## WHAT THE EXERCISE ASKS:
With the pictures set aside, return the lines below exactly, beginning at the first and ending at the line containing "Patek Philippe Annual".

## SOURCE DATA:
'''

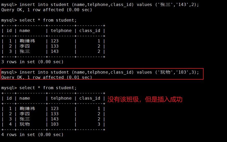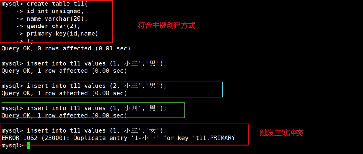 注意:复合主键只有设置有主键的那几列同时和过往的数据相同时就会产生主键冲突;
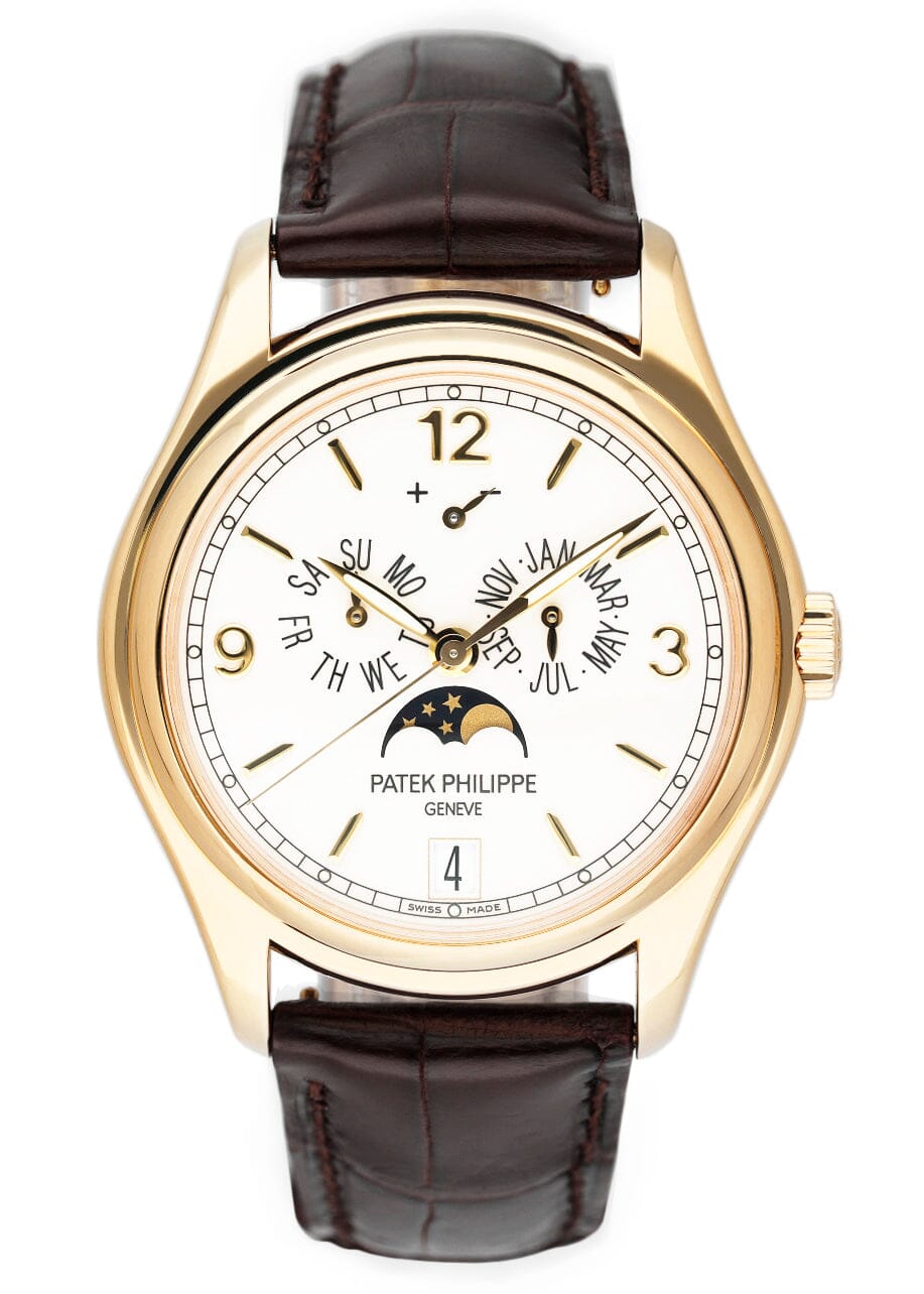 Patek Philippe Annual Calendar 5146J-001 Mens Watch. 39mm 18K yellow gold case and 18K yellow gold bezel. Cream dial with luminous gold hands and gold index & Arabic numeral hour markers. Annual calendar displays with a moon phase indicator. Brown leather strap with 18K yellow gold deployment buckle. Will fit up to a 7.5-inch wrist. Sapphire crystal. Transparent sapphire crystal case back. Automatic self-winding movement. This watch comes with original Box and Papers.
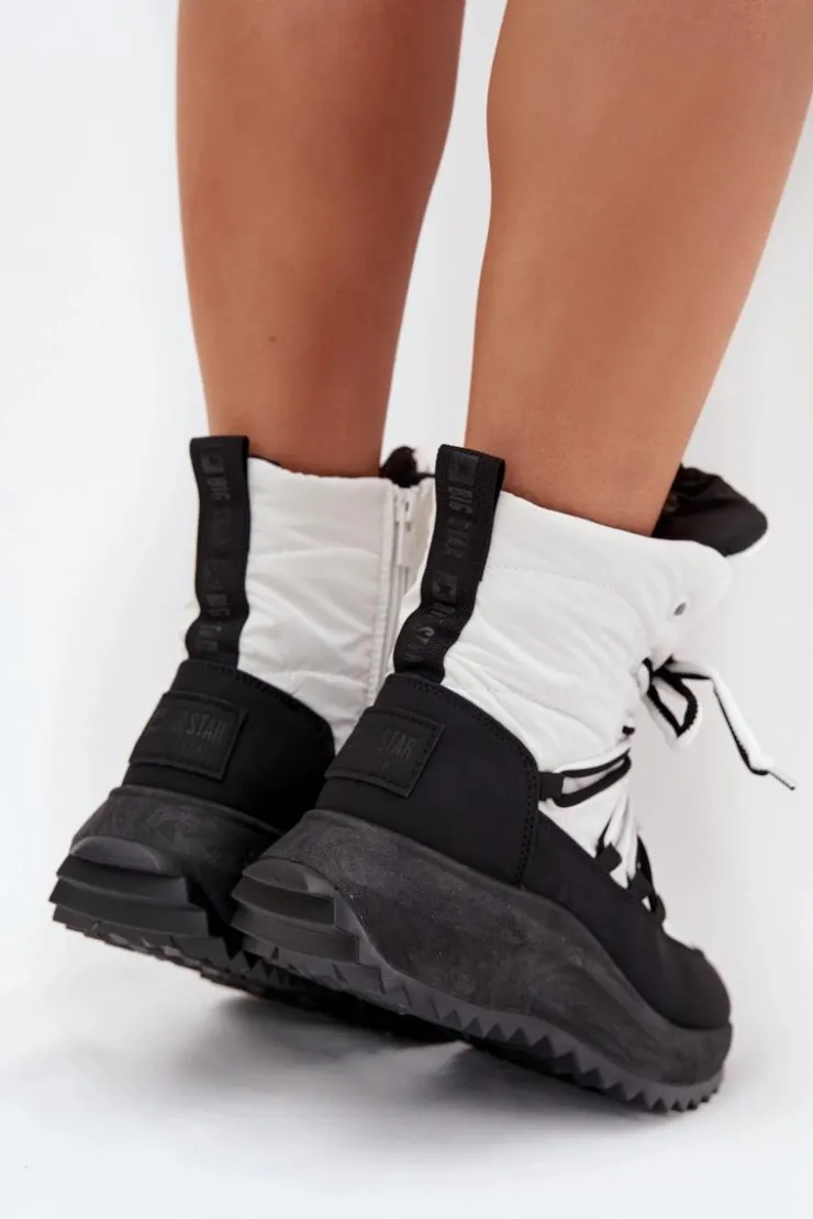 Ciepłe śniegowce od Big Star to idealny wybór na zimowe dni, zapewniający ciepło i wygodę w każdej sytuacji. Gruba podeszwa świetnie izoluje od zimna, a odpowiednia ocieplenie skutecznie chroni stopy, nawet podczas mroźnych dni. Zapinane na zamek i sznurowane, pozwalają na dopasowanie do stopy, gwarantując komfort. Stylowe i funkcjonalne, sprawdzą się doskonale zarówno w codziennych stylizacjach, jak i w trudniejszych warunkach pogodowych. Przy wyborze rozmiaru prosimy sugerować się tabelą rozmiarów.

'''

## COMPLETED EXERCISE:
 注意:复合主键只有设置有主键的那几列同时和过往的数据相同时就会产生主键冲突;
 Patek Philippe Annual Calendar 5146J-001 Mens Watch. 39mm 18K yellow gold case and 18K yellow gold bezel. Cream dial with luminous gold hands and gold index & Arabic numeral hour markers. Annual calendar displays with a moon phase indicator. Brown leather strap with 18K yellow gold deployment buckle. Will fit up to a 7.5-inch wrist. Sapphire crystal. Transparent sapphire crystal case back. Automatic self-winding movement. This watch comes with original Box and Papers.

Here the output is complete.